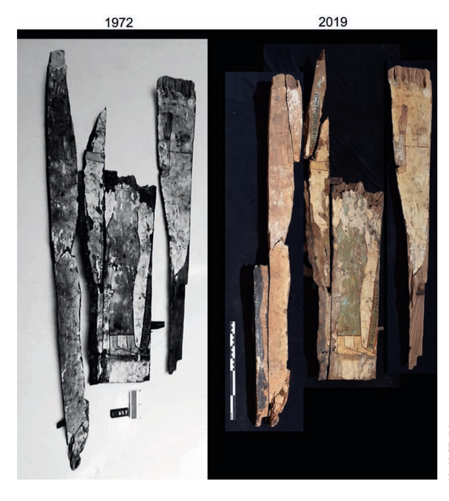
Fig. 2 Comparison of black and white photo and new photographic documentation of inner side of coffin fragments Reg. 657.

the Ankh-Hor Project. The large-scale conservation program will be continued in the upcoming seasons.
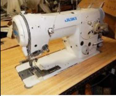
Juki Model LZ-2288 Single Needle, Zig Zag $1,450.00
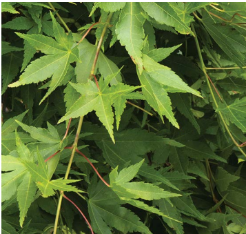
RYUSEN WEEPING JAPANESE MAPLE Narrow upright weeper, 20' x 5-6' #40044 ZONES: 5-7
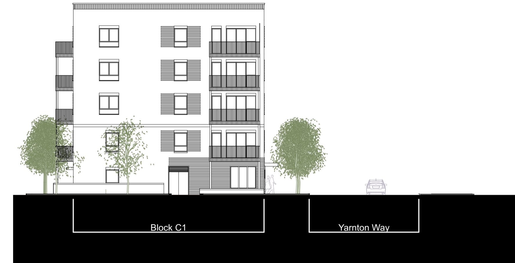
Block C West Elevation 1:200
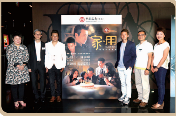
Microfilm Screening Event of "Sweet Home" with Bank of China (Hong Kong)
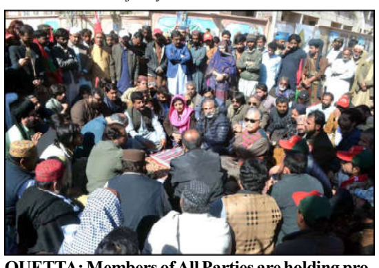
QUETTA: Members of All Parties are holding protest demonstration against alleged rigging in General Election 2024, outside DC office in Quetta.
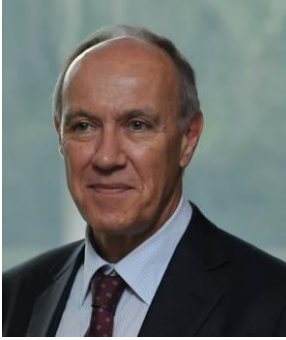
Mr Francis Gurry
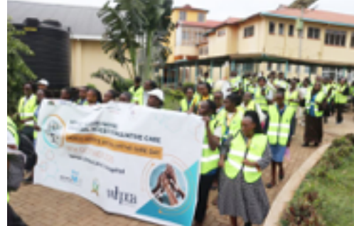
Walk for palliative care in Kenya

In South Africa, Palliative Care for Children South Africa (PatchSA) and Umduduzi Hospice Care for Children led a 5-kilometer Fun Walk along the Durban beachfront, encouraging participants to wear hats in solidarity with children needing palliative care.
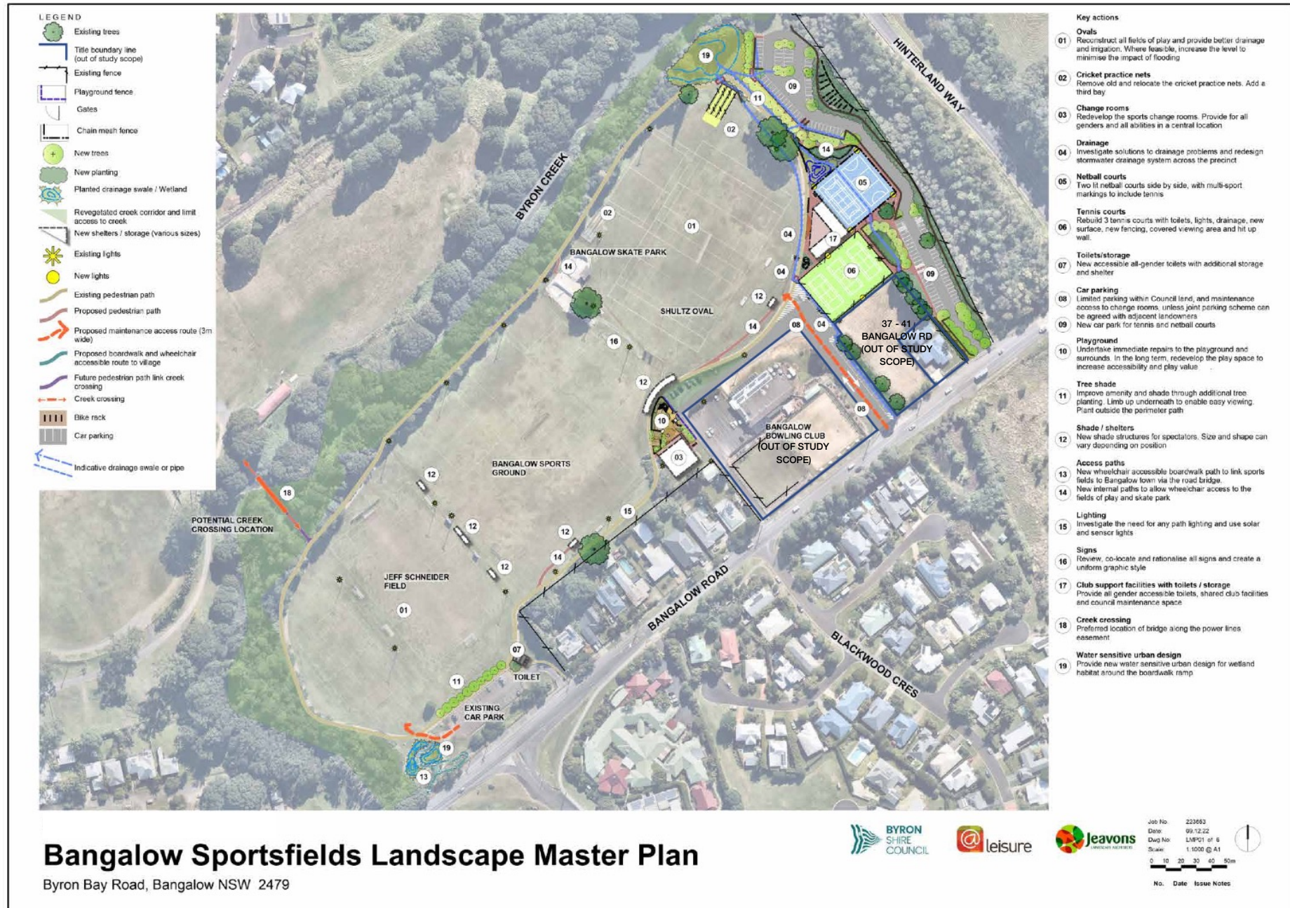
Figure 13. Landscape master plan
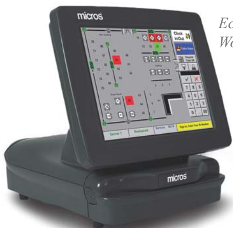
Eclipse PC Workstation

When the server's shift ends, CM is used to close, count, and balance the server bank using automated count sheets. An Over/Under Report can be generated based on a comparison of the actual POS transactions versus the server's physical count of collected tenders.
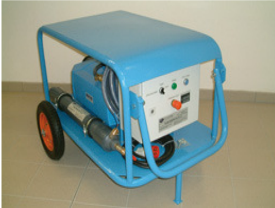
Fig. 2(a). Foam generator

[9]: LithoPore® - German advanced cellular lightweight concrete technologies
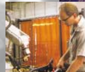
Specialized Equipment & Engineering, Robotics, Tooling
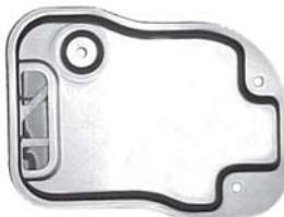
72605 Similar to 72600L, 72604 & 72605B Note Differences in Pickup Area
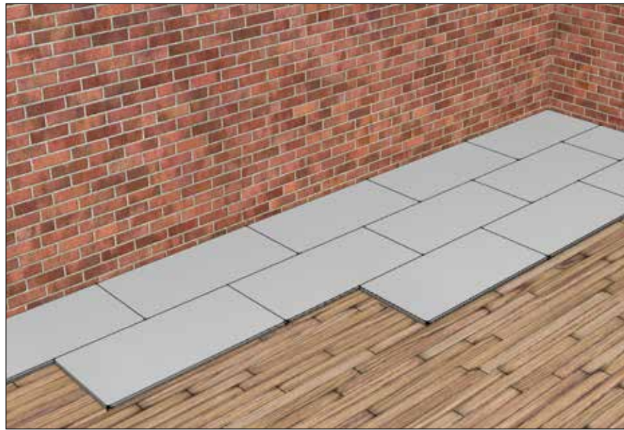
Fig. 4 Board installation pattern for Spacetherm Multi

Spacetherm Multi panels are loose-laid. Mechanical fixings must not be used to fix flooring panels to the underlying subfloor. Use Wraptite Tape to seal butt joints to control dust movement between adjacent panels. Optionally, Wraptite Tape may be used to seal the floor perimeter expansion strip. Surfaces to be taped should be as clean and dust-free as possible.
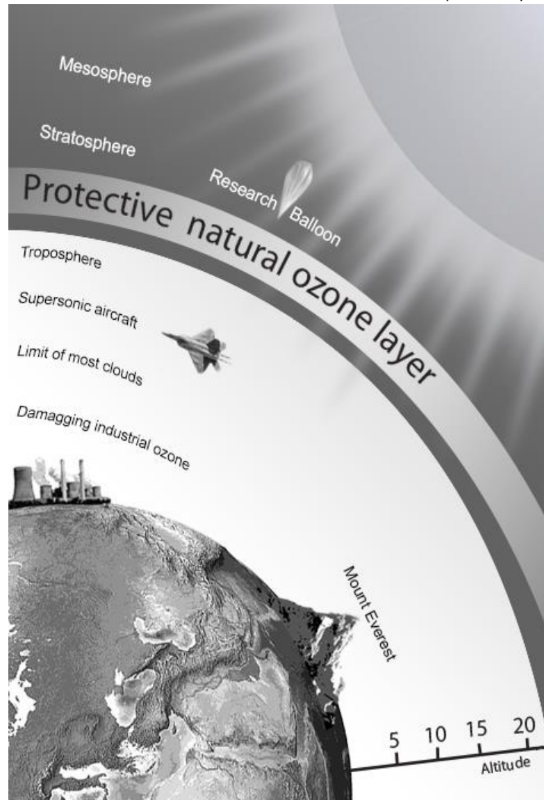
Fig: 2.1: the ozone layer

Earth's atmosphere is divided into three regions: the troposphere , the stratosphere , and the mesosphere . The stratosphere extends up to 10 to 50 kilometres above Earth's surface. This region contains a pungent, bluish gas concentrated in what is known as the ozone layer . Ozone gas is made up of molecules which are each made up of three atoms of oxygen. Thus, its chemical formula is O 3 . The ozone layer acts as a filter which blocks out harmful solar ultraviolet B, or UVB, rays.
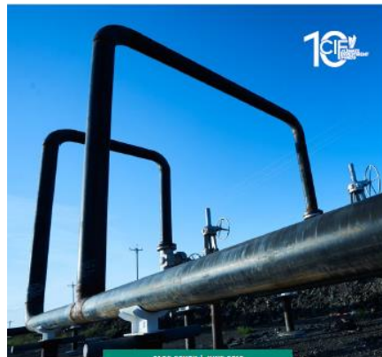
CASE STUDY | JUNE 2018 GEOTHERMAL ENERGY POWERING KENYA'S FUTURE Menengai Geothermal Field Development Facilitated by Public-Private Partnerships

GDI is a collaborative effort to create a collective evidence of delivery know-how.
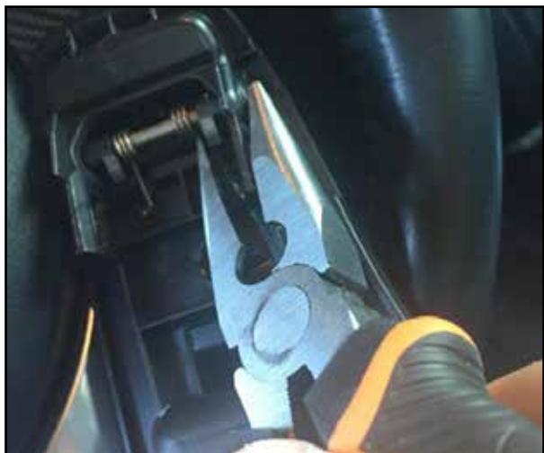
Pushing the pointy end.
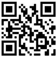
Instruction video on how to upload documents
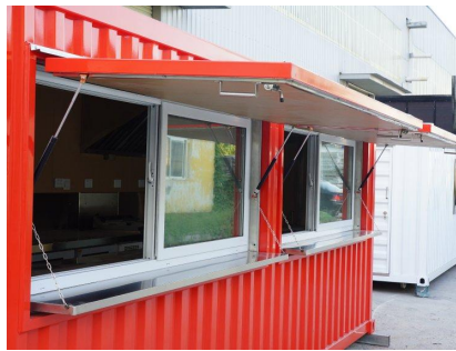
- Window -
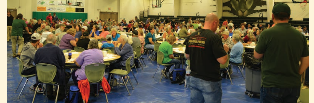
Attendees enjoyed the pork barbecue meal at the 2024 Hardy Annual Meeting of Members at East Hardy High School.
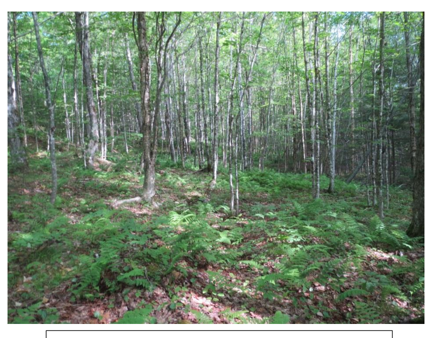
Figure 6: Young stand of hardwood in area A

Many sightings on this list are recorded from evidence of animals in the area, such as scat, tracks, middens and browse. A number of invertebrate species such as moths, butterflies, spiders and biting insects were noted but not identified.
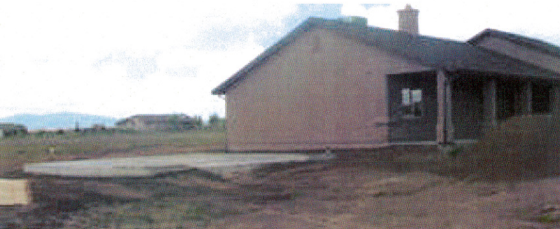
EAST SIDE OF HOUSE AND DETACHED GARAGE SLAB 8-24-06

WORK TO BE COMPLETED: Give back, exactly and without pictures, the stretch of the records above from the line containing "CASE STUDY |" through the line containing "Figure 6: Young stand of hardwood in area A", with both end lines included.

SOLUTION TO THIS TASK:
CASE STUDY | JUNE 2018 GEOTHERMAL ENERGY POWERING KENYA'S FUTURE Menengai Geothermal Field Development Facilitated by Public-Private Partnerships

GDI is a collaborative effort to create a collective evidence of delivery know-how.
Pushing the pointy end.
Instruction video on how to upload documents
- Window -
Attendees enjoyed the pork barbecue meal at the 2024 Hardy Annual Meeting of Members at East Hardy High School.
Figure 6: Young stand of hardwood in area A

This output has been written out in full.